We could almost feel Jesus’ deep hurt when He poignantly asked, “Do you also want to leave Me?” Even God, our heavenly Father, gets hurt. When Adam and Eve disregarded God’s instructions at the Garden of Eden

When you love, you risk getting hurt; the fuller you love, the higher the risk of deeper hurts. You could, of course, isolate yourself from hurts. If you want to avoid getting hurt, don’t ever love. Keep to yourself; live alone on top of a mountain. Do not enter into any meaningful relationship; turn your heart into stone. Stop being a human being; become a piece of wood – without love, and without hurts.

But if you wish to be human and to be in the image of God and be like Christ, then love. Love and risk getting hurt. But, thankfully, even if hurt is a necessary part of our humanity and a necessary risk from genuine loving and sincere caring for others, hurt may be minimized and managed.


A good deal of our hurts has to do with our unfulfilled expectations. We expect to be reciprocated with good for the good that we do. After we have helped a person in his time of need, we expect that person to help us when we need him. When he fails to do so, we are hurt. We are hurt when someone we love shows no utang na loob (debt of gratitude). We are hurt by ungratefulness. Teachers are hurt by ungrateful students; donors are hurt by ungrateful recipients; and parents are hurt by ungrateful children. To minimized your hurts, lower your expectations. In face, have no expectations at all. Give up even your rightful expectations. Set those that you love free- free from the law of reciprocity.


Give up your expectations for kindness being returned. Instead do everything you do for Christ and for the welfare of others in need. Do what you do simply because they are the right things to do. When you receive appreciation for what you have done, the appreciation itself becomes a cause of thanksgiving to God; a joy to accept, an unexpected benefit, a gift from God, and not a rightful return from your investment of love.


We hurt others either by what we do or by what we fail to do and by what we say or what we fail to say. But then quite often we really have no idea that we have hurt someone. The first thing to do once you become aware that you have hurt someone is to go and talk to him or her. If face-to-face talk is not possible, then write or promptly communicate in any way.
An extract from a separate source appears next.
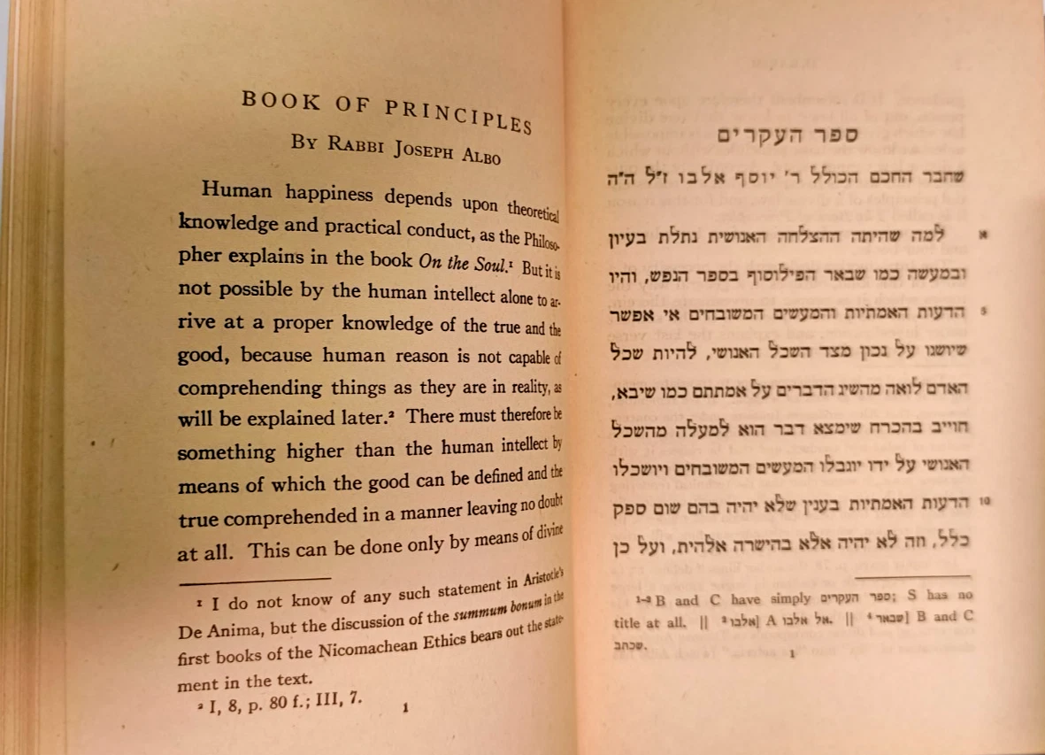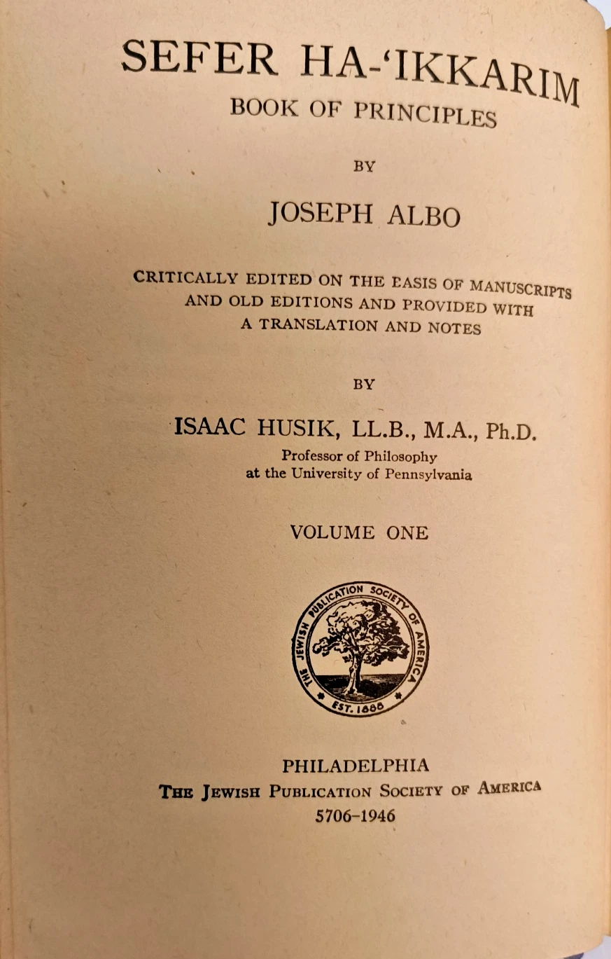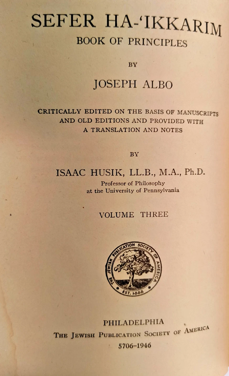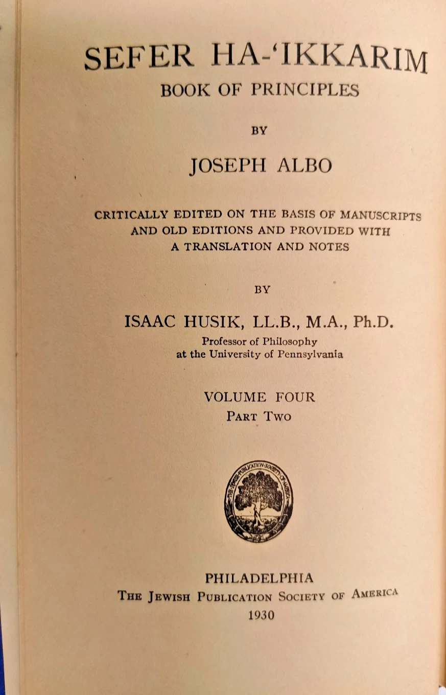 Sefer HaIkkarim Joseph Albo Isaac Husik English -Hebrew

Even if what you did or said was completely innocent, recognize that the other person was hurt. Whether the hurt is justified or not, apologize nevertheless for having caused hurt. Apologize even when the hurt done was unintentional. The sooner you do this, the better and the easier it will be for you and for the one you hurt.

Explain the reasons behind what you did or did not do to the one hurt. Your explanation, however, should not include excuses for what happened or did not happen. To say, “I’m sorry. It happened because I was so tired (or: I was under much stress or I was not feeling well or I was so busy)” – is, in face, to say, “I’m sorry, but don’t blame me for what happened. It was not my fault. I accept no responsibility for the failure.” When an apology comes with excuses, there is no apology at all. Genuine apology is to clearly identify the wrong done and accept direct responsibility for what had happened.

If the hurt is justified, ask for forgiveness. Then promptly correct what may still be corrected.


If you are the one hurt, do not criticize the person who hurt you in his absence. That would be backbiting; and backbiting is wrong. Do not talk to others about the other person. That would be gossip and gossip destroys relationships. Go and talk with the person himself. Establish direct lines of communication.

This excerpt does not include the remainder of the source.